The story, of course, changes if rating agencies had gotten it right. Indeed, the housing bubble itself might not have inflated if the mortgage-backed security market hadn't been allowed to expand so greatly through the sale of so many incorrectly rated bonds that the rating agencies graded as safe. So reform is absolutely called for, but in an article on The Big Money, I think Chris Thompson gets a little carried away.

Just like in virtually every industry, there were those who worked at the rating agencies who probably weren't the best human beings. Some communications within some agencies have brought to light that some analysts might not have believed the ratings they were handing out. But having worked with the rating agencies myself, I think these individuals were more the exception than the rule. Most of them, I think, just got it wrong -- just like pretty much everybody else.

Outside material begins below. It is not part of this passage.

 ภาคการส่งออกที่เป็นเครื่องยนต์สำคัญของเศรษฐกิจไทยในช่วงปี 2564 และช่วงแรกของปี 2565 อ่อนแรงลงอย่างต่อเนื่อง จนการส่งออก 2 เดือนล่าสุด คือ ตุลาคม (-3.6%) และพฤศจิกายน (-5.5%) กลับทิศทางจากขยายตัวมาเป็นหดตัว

Was there negligence? Probably. Was there fraud or criminal intent? I think only in quite rare situations. But in evaluating some proposed rating agency reforms making their way through Congress, Thompson concludes:

Once again, Congress passed on the opportunity to add criminal penalties against the rating agencies. If the Big Three defraud investors on a historic scale, lie to millions of people about the creditworthiness of junk mortgage tranches, and cash their checks while another market collapses, they might someday pay a little money in civil court. But no one will ever go to prison. As rackets go, that ain't bad.



Now, if it's true that fraud could be proven, and the rating agencies were not held accountable, then I completely agree with Thompson. But I'm pretty sure that the issue here is that it's quite difficult to prove widespread fraud at the rating agencies -- because there wasn't any. There were just very poor assumptions about the mortgage market.

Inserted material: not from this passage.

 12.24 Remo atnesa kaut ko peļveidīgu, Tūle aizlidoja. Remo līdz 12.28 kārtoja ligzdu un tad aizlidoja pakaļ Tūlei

And frankly, there's another reason why the rating agencies shouldn't be held to a very high standard: at the end of the day, their ratings are merely opinions. The real problem with the system here wasn't that they got it wrong -- it was that investors cared so much about ratings.

But that's how the market functioned. Investors generally didn't have the same data available to them to perform as in-depth analysis as the agencies. So when they rated something as AAA, investors nodded and traded it with the assumption that it was probably very, very safe.

Now imagine that there were no rating agencies, but that investors bought these same securities based on their own assessments of the risk involved. And imagine that their assumptions were just as flawed as the agencies' ratings were -- and they probably would have been, because virtually no one expected the real estate market to tank to the extent that it did.

Then, I think all you get is a shrug. It was the investors' money to lose. So if they made poor investments, then that's too bad for them, but that's the game they play. Being an investor means trying to make bets about what the future holds. Sometimes you win; sometimes you lose.

Instead, in this market, there's a middle man -- the rating agencies -- who screwed up, so investors have someone to blame instead of themselves. And given the current framework, they have some standing to do so. After all, the rating agencies are highly regulated by the U.S. government, so their trusted advice means something.

But it shouldn't. Rating analysts are not dumb people, but they're also not gods. Investors don't have crystal balls to see the future, and neither do the rating agencies. But when investors make a mistake, it's at their own peril. When agencies screw up, others pay. Until the system changes, we'll continue having this disparity. That's why the solution is not to penalize the rating agencies further for not knowing the future; it's to place the responsibility on investors to evaluate the risk themselves.